Optional parameters in Typescript - Time & Space Complexity
We want to see how adding optional parameters affects how long a function takes to run.
Does having optional inputs change the work the function does as input grows?
Analyze the time complexity of the following code snippet.
function greet(name: string, title?: string) {
if (title) {
return `Hello, ${title} ${name}!`;
}
return `Hello, ${name}!`;
}
const names = ["Alice", "Bob", "Charlie"];
for (const n of names) {
console.log(greet(n));
}
This code greets each name in a list, optionally adding a title if provided.
Identify the loops, recursion, array traversals that repeat.
- Primary operation: Looping through the array of names and calling the greet function once per name.
- How many times: Once for each name in the list (n times).
Each new name adds one more call to the greet function, which does a simple check and returns a string.
| Input Size (n) | Approx.

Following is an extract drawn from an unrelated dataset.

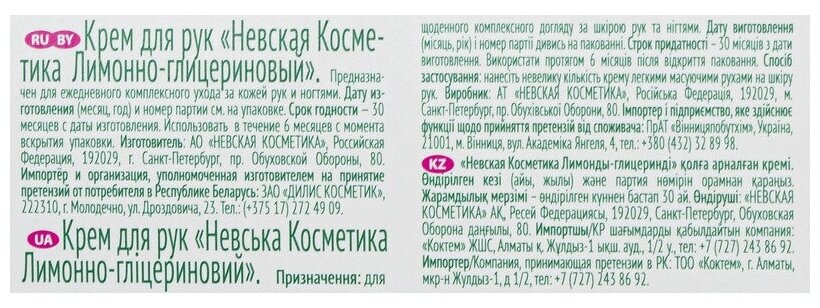 Крем для рук Невская косметика Крем для рук Лимонно-глицериновый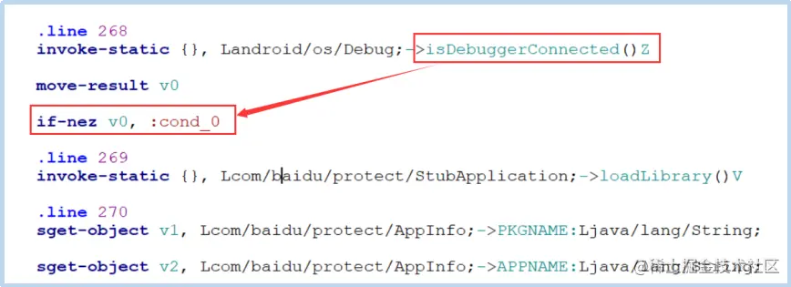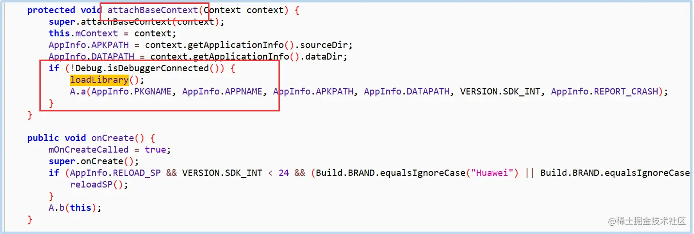 2.找到attachBaseContext方法,里面有一个判断,调用这个Debug. isDebuggerConnected函数来检测程序是否被调试反调,从而执行是否加载so库的逻辑操作,如下图所示。

Operations |
|---|---|
| 10 | About 10 greetings |
| 100 | About 100 greetings |
| 1000 | About 1000 greetings |
Pattern observation: The work grows directly with the number of names; doubling names doubles work.
Time Complexity: O(n)
This means the time to run grows in a straight line with the number of names, regardless of optional parameters.
[X] Wrong: "Adding optional parameters makes the function slower for each call."
[OK] Correct: Optional parameters only add a simple check inside the function, which does not grow with input size, so they do not change the overall time growth.
Understanding how optional parameters affect time helps you explain function behavior clearly and shows you know how input size relates to work done.
"What if the greet function also loops through a list inside it? How would the time complexity change?"